Immunohistochemistry expression.
Fig 8 Immunohistochemistry results for Alkaline phosphatase, (ALP) is a widely accepted bone marker activity and osteogenic potential, is presented for Sorrento Bone Graft Substitute, Vitoss Foam Strip and Autograft at 3 weeks and 6 weeks. The 3 week panels are examined at a low magnification (1.25x objective) while the 6 week presents the results in the center of the defect (20x objective). Positive expression for ALP is noted by the brown staining. The results at 3 weeks demonstrate ALP expression in the osteoblasts throughout the defects for defect treated with Sorrento Bone Graft Substitute as well as Autograft while defects treated with Vitoss Foam Strip shows little to no expression apart from the defect margins. IHC for ALP at 6 weeks shows the remodeled bone in the Sorrento Bone Graft Substitute treated defects with continued expression in the osteoblasts lining the newly formed bone, the presence of some fibrous tissue and some ALP expression for Vitoss Foam Strip and expression of ALP by the active osteoblasts in the Autograft treated defects.
Table 2.
Fig 9.
Fig 9a) Mean new bone formation histomorphometry revealed Sorrento Strip + BMA outperformed Vitoss Foam Strip + BMA (P<0.05) at 6 and 12 weeks.

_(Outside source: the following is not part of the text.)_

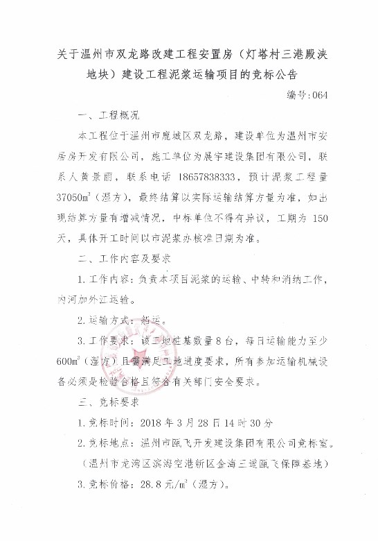 ¹ØÓÚÎÂÖÝÊÐË«Áú·¸Ä½¨¹¤³Ì°²¶Ù·¿£¨µÆËþ´åÈý¸Ûµî䤵ؿ飩½¨É蹤³ÌÄཬÔËÊäÏîÄ¿µÄ¾º±êͨ¸æ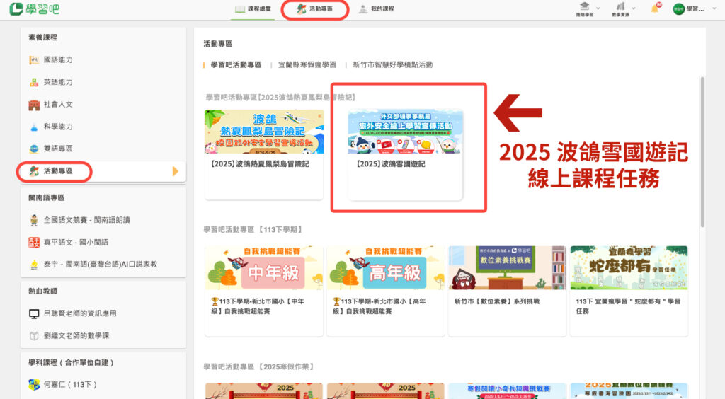 凡參加【2025 波鴿雪國遊記】線上課程任務活動的同學,只要完成指定任務,累積 2500 分以上 👉 即可直接獲得【學習吧電子獎狀】🏆,還能解鎖抽獎機會!

New bone formation increased slightly for the Sorrento Strip + BMA while the Vitoss Foam Strip + BMA decreased slightly. This was consistent with additional new bone formation in the Sorrento Strip treated sights as well as remodeling of the newly formed bone. The results of the Vitoss Foam Strip + BMA for new bone formation were consistent with remodeling of the newly formed bone and lack of additional bone formation at 12 weeks. Fig 9b) Mean material histomorphometry revealed Sorrento Strip + BMA and Vitoss Foam Strip + BMA resorbed with time from 0 to 6 and to 12 weeks after surgery.